Speaking from personal experience, the legal action that is the most expensive, the most emotionally difficult, and the most invasive of privacy, is a divorce.
The problem is that your spouse probably knows far more about you than the average litigant—and thus is more likely to disclose or force the disclosure of embarrassing or even incriminating facts.
The best way to avoid divorce, of course, is never to get married. But try telling that to two people in love. (Or, for that matter, to Sarah Palin.)
Pre-nuptial and post-nuptial agreements are worth considering, but they tell your spouse that you don’t trust him or her. Nor are they always legally enforceable.
However, there’s an alternative strategy: to place a portion of your separate assets in an offshore trust, and make your spouse a revocable beneficiary. In the event of a divorce, you have the right to revoke your ex’s beneficiary status.
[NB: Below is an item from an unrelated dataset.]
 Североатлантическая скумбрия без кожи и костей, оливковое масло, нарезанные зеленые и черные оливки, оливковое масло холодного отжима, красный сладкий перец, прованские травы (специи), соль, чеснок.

Until recently, this was a high-risk strategy, because courts in offshore jurisdictions have sometimes upheld the right of a former spouse to half the assets in an offshore trust set up by the other spouse.
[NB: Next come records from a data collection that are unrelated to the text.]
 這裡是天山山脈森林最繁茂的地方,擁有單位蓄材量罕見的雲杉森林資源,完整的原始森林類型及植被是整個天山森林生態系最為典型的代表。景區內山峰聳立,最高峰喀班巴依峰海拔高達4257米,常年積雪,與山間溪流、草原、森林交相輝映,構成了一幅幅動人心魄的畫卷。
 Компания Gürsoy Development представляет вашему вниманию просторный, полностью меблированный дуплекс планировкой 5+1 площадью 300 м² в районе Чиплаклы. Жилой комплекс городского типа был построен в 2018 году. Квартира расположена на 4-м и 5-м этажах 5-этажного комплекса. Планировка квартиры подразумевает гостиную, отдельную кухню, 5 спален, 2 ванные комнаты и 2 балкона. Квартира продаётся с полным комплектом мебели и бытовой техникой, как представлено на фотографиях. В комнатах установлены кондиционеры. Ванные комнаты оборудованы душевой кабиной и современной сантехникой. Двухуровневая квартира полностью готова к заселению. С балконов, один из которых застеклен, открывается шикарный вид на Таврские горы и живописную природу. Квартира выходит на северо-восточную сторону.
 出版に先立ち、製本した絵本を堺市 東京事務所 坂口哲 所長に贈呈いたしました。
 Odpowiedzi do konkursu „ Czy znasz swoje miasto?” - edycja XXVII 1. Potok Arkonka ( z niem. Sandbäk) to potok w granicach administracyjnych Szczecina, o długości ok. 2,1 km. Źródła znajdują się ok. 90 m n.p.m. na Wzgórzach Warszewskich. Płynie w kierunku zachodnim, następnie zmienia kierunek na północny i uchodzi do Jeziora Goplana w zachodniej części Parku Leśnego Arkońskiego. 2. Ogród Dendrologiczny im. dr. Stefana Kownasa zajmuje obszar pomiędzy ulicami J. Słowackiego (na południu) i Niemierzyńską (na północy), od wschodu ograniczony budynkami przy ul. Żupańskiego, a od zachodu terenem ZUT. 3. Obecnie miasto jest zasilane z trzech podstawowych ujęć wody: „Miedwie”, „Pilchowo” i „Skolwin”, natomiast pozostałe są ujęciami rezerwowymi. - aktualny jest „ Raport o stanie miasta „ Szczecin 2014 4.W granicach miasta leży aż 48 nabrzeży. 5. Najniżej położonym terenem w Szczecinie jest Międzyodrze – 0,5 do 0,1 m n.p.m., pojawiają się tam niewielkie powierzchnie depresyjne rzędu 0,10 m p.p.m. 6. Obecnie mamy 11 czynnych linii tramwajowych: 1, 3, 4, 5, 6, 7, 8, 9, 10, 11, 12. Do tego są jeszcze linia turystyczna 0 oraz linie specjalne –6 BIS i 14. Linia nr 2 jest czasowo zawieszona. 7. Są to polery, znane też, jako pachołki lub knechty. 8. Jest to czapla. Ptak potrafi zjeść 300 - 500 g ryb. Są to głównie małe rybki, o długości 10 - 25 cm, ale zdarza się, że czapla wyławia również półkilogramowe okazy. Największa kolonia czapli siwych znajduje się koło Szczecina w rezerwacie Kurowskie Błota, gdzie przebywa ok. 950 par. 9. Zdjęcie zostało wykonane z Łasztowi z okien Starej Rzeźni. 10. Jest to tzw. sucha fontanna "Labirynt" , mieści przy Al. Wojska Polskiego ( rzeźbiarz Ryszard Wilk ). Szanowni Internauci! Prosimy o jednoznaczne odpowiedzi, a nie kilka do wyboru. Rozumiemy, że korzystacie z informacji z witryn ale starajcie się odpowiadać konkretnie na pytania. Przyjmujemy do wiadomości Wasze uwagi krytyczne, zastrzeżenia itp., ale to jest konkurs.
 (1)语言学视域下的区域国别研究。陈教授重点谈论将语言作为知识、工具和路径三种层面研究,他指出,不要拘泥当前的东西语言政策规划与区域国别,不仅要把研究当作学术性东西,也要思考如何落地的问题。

But now, a court in Jersey (Channel Islands) has declined to enforce the order of a British court to repatriate millions of dollars to the former spouse of Iqbal Mubarik, the founder of Britain’s Dianoor Jewelry chain. That’s a switch from previous practice, in which courts in Jersey generally complied with British repatriation orders.
Shortly before commencing divorce proceedings, Iqbal Mubarik ended his wife’s status as a beneficiary of a Jersey trust. Under the terms of the trust, Mr. Mubarik had the authority add or revoke beneficiaries. In addition, the trustee of the trust had no right to override this authority. The Jersey court declined to enforce the British court order, because doing so would require an alteration of the trust.
This is an important decision, because it is likely to lead other wealthy individuals to use an offshore trust as a sort of substitute prenuptial agreement. Other English law jurisdictions will likely modify or adapt their trust laws to attract business from wealthy clients concerned about the financial impact of divorce.
Forming an offshore trust is not a do-it-yourself affair. You need professional assistance from a qualified attorney, both in the jurisdiction where you form it and in whatever country you live in.
One reason you need assistance in your own country is the not-so-small matter of contempt. Courts in countries with an English law background have the authority to cite a person with contempt of court if that person refuses to obey an order from that court. You want to make sure not only that your offshore trust survives judicial scrutiny, but also that you don’t go to jail!
Then there’s tax. Revenue authorities in many countries take a very dim view of offshore trusts and have imposed extensive reporting requirements for them. U.S. citizens must be especially careful, because they’re subject to U.S. tax requirements wherever they live.
As in any aspect of offshore asset protection—caveat emptor!